■ WHAT IS BEING ASKED
What is needed is an exact copy of the listing, with no pictures in it.

■ DATASET SECTION

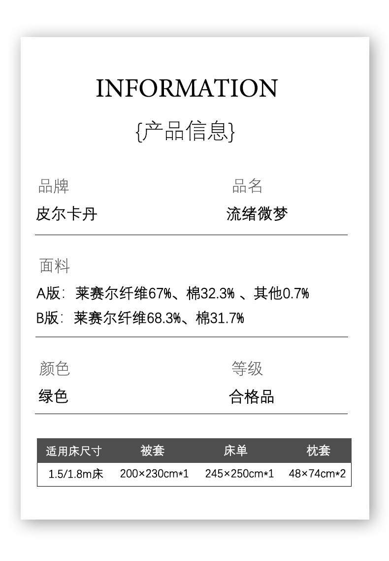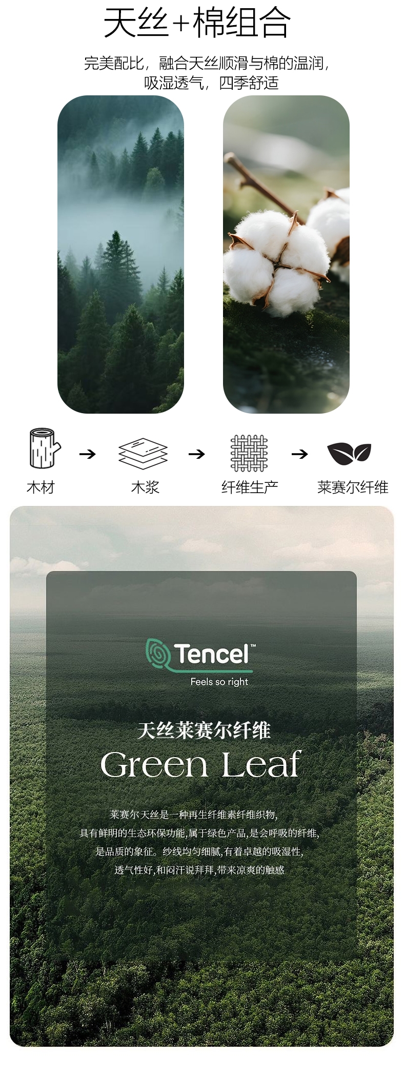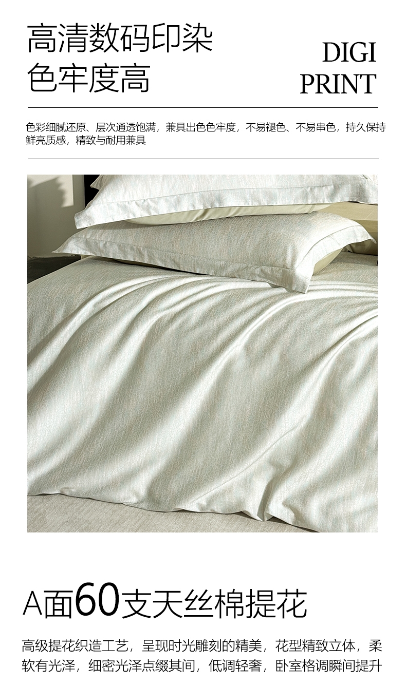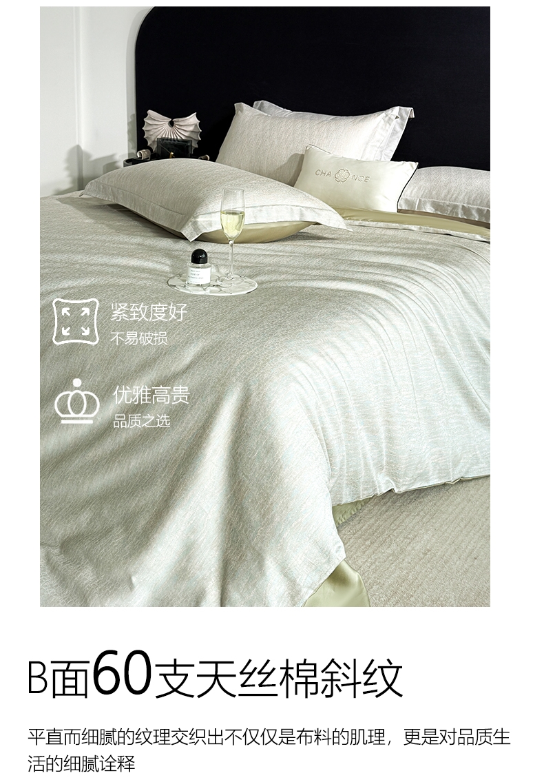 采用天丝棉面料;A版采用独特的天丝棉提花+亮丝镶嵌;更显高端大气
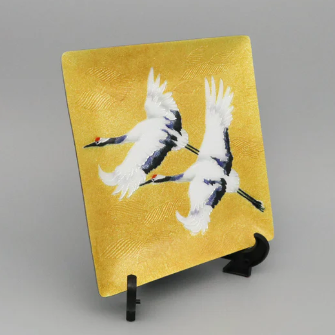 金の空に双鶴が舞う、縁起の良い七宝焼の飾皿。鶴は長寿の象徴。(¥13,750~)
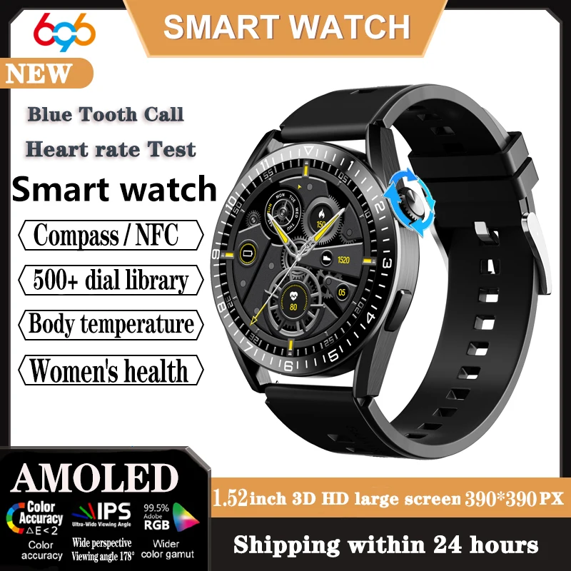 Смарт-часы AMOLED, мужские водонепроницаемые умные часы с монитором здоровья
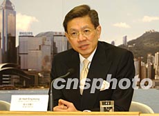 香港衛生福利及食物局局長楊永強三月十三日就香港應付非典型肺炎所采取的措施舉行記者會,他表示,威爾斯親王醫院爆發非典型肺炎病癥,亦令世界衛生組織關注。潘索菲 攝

■ SOLUTION BELOW
 采用天丝棉面料;A版采用独特的天丝棉提花+亮丝镶嵌;更显高端大气
 金の空に双鶴が舞う、縁起の良い七宝焼の飾皿。鶴は長寿の象徴。(¥13,750~)
 Смарт-часы AMOLED, мужские водонепроницаемые умные часы с монитором здоровья
 香港衛生福利及食物局局長楊永強三月十三日就香港應付非典型肺炎所采取的措施舉行記者會,他表示,威爾斯親王醫院爆發非典型肺炎病癥,亦令世界衛生組織關注。潘索菲 攝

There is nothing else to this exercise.